#### Action item:
Your job with the data below: print everything from the line that holds "Edy Sumardi juga" down to the line that holds "[ZoRoll] バンド 20", ends included, exactly, and nothing else.

#### Exercise data:
• • •
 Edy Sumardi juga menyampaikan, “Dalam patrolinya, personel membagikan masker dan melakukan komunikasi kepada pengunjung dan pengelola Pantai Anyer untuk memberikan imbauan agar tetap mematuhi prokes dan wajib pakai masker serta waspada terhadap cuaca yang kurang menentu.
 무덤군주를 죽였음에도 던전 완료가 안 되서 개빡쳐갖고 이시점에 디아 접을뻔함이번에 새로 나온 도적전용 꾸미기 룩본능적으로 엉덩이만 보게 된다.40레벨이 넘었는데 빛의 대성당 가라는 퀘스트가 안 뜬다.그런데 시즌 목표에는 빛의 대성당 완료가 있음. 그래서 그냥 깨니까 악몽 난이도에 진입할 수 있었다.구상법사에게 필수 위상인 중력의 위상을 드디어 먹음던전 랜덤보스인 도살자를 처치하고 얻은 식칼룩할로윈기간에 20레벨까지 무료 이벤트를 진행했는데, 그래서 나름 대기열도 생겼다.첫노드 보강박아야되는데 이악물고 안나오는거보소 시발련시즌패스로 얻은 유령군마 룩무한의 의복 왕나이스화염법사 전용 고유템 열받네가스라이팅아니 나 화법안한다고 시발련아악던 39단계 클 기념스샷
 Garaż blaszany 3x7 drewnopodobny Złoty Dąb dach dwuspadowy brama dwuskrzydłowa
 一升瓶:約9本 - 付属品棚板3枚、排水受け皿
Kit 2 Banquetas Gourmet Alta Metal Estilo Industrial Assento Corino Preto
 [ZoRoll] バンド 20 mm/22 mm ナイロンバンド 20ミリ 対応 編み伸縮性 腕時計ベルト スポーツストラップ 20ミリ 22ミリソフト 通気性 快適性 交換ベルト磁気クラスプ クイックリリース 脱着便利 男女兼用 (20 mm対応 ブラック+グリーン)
• • •
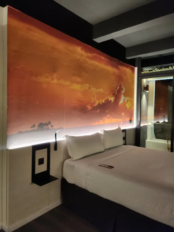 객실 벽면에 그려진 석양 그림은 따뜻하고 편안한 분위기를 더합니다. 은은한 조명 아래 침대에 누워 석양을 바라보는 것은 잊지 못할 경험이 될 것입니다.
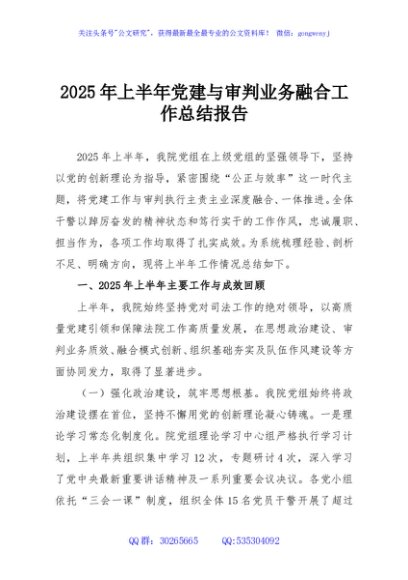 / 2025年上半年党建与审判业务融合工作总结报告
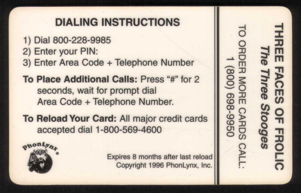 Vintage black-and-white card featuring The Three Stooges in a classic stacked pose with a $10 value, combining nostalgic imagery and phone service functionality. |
• • •
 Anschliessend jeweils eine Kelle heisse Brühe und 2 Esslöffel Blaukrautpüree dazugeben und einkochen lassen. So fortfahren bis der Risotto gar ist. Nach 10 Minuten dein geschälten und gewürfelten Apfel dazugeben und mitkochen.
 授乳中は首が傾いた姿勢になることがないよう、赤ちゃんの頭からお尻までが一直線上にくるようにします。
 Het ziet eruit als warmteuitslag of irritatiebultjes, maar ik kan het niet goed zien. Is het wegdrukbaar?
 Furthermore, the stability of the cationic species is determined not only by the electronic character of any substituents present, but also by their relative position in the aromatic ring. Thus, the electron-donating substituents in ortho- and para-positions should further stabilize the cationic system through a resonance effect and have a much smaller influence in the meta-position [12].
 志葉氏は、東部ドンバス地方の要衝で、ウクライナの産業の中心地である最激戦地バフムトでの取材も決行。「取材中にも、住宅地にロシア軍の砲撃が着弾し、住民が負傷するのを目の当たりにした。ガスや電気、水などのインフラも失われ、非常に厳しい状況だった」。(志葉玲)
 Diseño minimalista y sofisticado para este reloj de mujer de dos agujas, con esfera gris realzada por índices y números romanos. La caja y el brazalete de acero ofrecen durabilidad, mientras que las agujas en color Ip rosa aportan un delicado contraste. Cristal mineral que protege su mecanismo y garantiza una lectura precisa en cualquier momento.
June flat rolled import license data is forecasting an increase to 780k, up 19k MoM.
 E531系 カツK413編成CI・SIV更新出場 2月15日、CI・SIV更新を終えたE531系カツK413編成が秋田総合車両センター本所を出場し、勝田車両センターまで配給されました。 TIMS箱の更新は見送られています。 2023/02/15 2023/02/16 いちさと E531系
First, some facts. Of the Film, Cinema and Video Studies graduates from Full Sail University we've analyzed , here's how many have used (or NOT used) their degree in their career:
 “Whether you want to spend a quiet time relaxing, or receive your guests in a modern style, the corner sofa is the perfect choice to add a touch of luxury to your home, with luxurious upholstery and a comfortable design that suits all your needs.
• • •
#### Solved exercise:
 Edy Sumardi juga menyampaikan, “Dalam patrolinya, personel membagikan masker dan melakukan komunikasi kepada pengunjung dan pengelola Pantai Anyer untuk memberikan imbauan agar tetap mematuhi prokes dan wajib pakai masker serta waspada terhadap cuaca yang kurang menentu.
 무덤군주를 죽였음에도 던전 완료가 안 되서 개빡쳐갖고 이시점에 디아 접을뻔함이번에 새로 나온 도적전용 꾸미기 룩본능적으로 엉덩이만 보게 된다.40레벨이 넘었는데 빛의 대성당 가라는 퀘스트가 안 뜬다.그런데 시즌 목표에는 빛의 대성당 완료가 있음. 그래서 그냥 깨니까 악몽 난이도에 진입할 수 있었다.구상법사에게 필수 위상인 중력의 위상을 드디어 먹음던전 랜덤보스인 도살자를 처치하고 얻은 식칼룩할로윈기간에 20레벨까지 무료 이벤트를 진행했는데, 그래서 나름 대기열도 생겼다.첫노드 보강박아야되는데 이악물고 안나오는거보소 시발련시즌패스로 얻은 유령군마 룩무한의 의복 왕나이스화염법사 전용 고유템 열받네가스라이팅아니 나 화법안한다고 시발련아악던 39단계 클 기념스샷
 Garaż blaszany 3x7 drewnopodobny Złoty Dąb dach dwuspadowy brama dwuskrzydłowa
 一升瓶:約9本 - 付属品棚板3枚、排水受け皿
Kit 2 Banquetas Gourmet Alta Metal Estilo Industrial Assento Corino Preto
 [ZoRoll] バンド 20 mm/22 mm ナイロンバンド 20ミリ 対応 編み伸縮性 腕時計ベルト スポーツストラップ 20ミリ 22ミリソフト 通気性 快適性 交換ベルト磁気クラスプ クイックリリース 脱着便利 男女兼用 (20 mm対応 ブラック+グリーン)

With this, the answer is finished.